The opening of the $1 billion Grand Egyptian Museum, or MINI, marks the end of two decades of construction efforts marred by Arab Spring uprisings, pandemics and wars in neighboring countries.
“We have all dreamed of this project and will it come true,” Prime Minister Mustafa Madbouly told a press conference, calling the museum “a gift from Egypt to the whole world from a country whose history goes back more than 7,000 years.”
Spectators, including President Abdel Fattah al-Sisi, gathered outside the museum late Saturday before a giant screen, projecting images of the country’s most famous cultural sites in glittering pharaonic-style robes with glowing orbs and sceptres.
‘A new chapter for Egypt’
They were accompanied by Egyptian pop stars and an international orchestra under a sky decorated in white with lasers, fireworks and hovering lights embedded in hieroglyphics.
By opening the museum, Egypt was “writing a new chapter in the present and future story of this ancient nation,” Sisi said at the opening.
The audience included German President Frank-Walter Steinmeier, Dutch Prime Minister Dick Schoff, Hungarian Prime Minister Viktor Orbán, Palestinian President Mahmoud Abbas, Democratic Republic of Congo President Felix Shiskedi, and the crown princes of Oman and Bahrain.
The museum’s most developed attraction is the vast collection of treasures from Tutankhamun’s tomb, which was uncovered in 1922, including the Boy King’s golden burial mask, throne and sarcophagus, and thousands of other objects.
A colossal statue of Remus II, which sat for decades in a Cairo square in the city named after the pharaoh, now adorns the Grand Entry Hall.
The complex’s sleek design, evoking the pyramids, cuts a stark contrast to the dusty and often outmoded displays in the neoclassical Egyptian museum that overlooked Tarir Square in central Cairo a century ago.
The old museum returned
The old museum has suffered notoriety in recent years, including the looting of several display cases during Egypt’s 2011 uprising, when antiquities were stolen.
In 2014, the beard of Tutankhamun’s burial mask broke off when workers were changing the lights in the display case, then clumsily retracted. The following year, the mask was more properly restored and put back on display.
Officials hope the new museum can dispel the perception created by such incidents that Egypt is neglecting to care for its priceless treasures, and add weight to its claims for Egyptian objects housed in museums abroad.
“Is it a national shrine or a global showcase?

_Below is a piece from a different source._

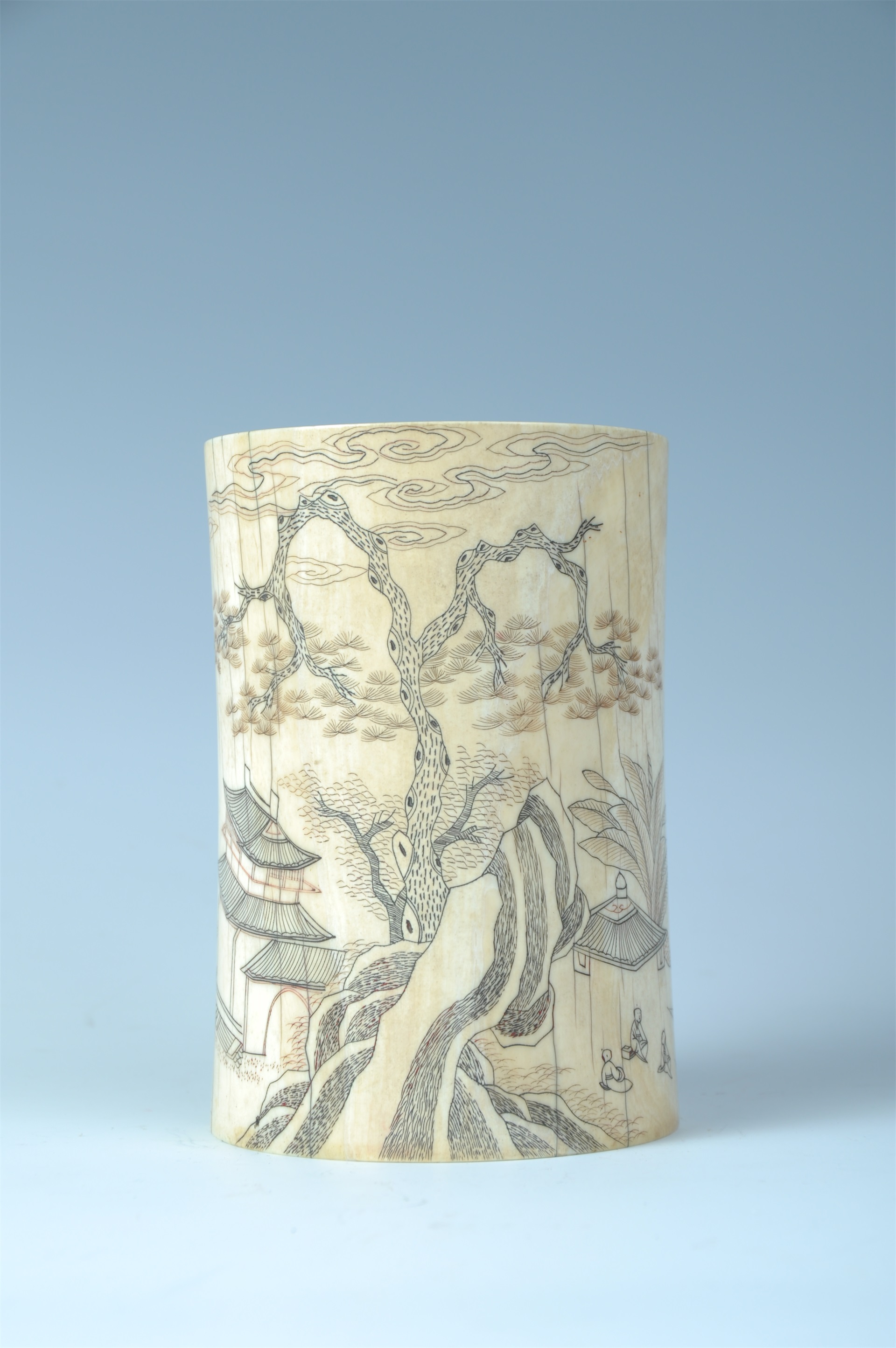 明象牙线刻山水人物笔筒

A gesture of cultural sovereignty or a tool of soft power?” Read an article in a special edition of Al-Ahram, the state-run weekly for the museum, which he called “a philosophy as much as it is a building.”
“It’s not a copy of the Louvre or the British Museum. It’s Egypt’s response to both. Those museums were born out of empire. It was born out of authenticity.”

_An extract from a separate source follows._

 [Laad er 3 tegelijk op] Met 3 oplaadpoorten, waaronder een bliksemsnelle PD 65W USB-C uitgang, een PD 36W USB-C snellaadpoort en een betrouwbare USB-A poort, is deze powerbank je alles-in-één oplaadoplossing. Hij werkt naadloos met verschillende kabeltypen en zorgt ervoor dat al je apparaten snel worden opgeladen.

The museum’s $1 billion-plus price tag was financed in large part by Japanese development loans. Designed by Henghan Peng Architects, an Irish firm, it covers an area of approximately 120 acres, making it the same size as Vatican City.
Officials are also betting that the museum, the latest in a series of mega-projects launched or completed since 2014, could spur a revival in tourism, a key source of foreign currency for an economy reeling from years of regional conflict and economic uncertainty.
A series of galleries were opened late last year, but many exhibits were not accessible to the public.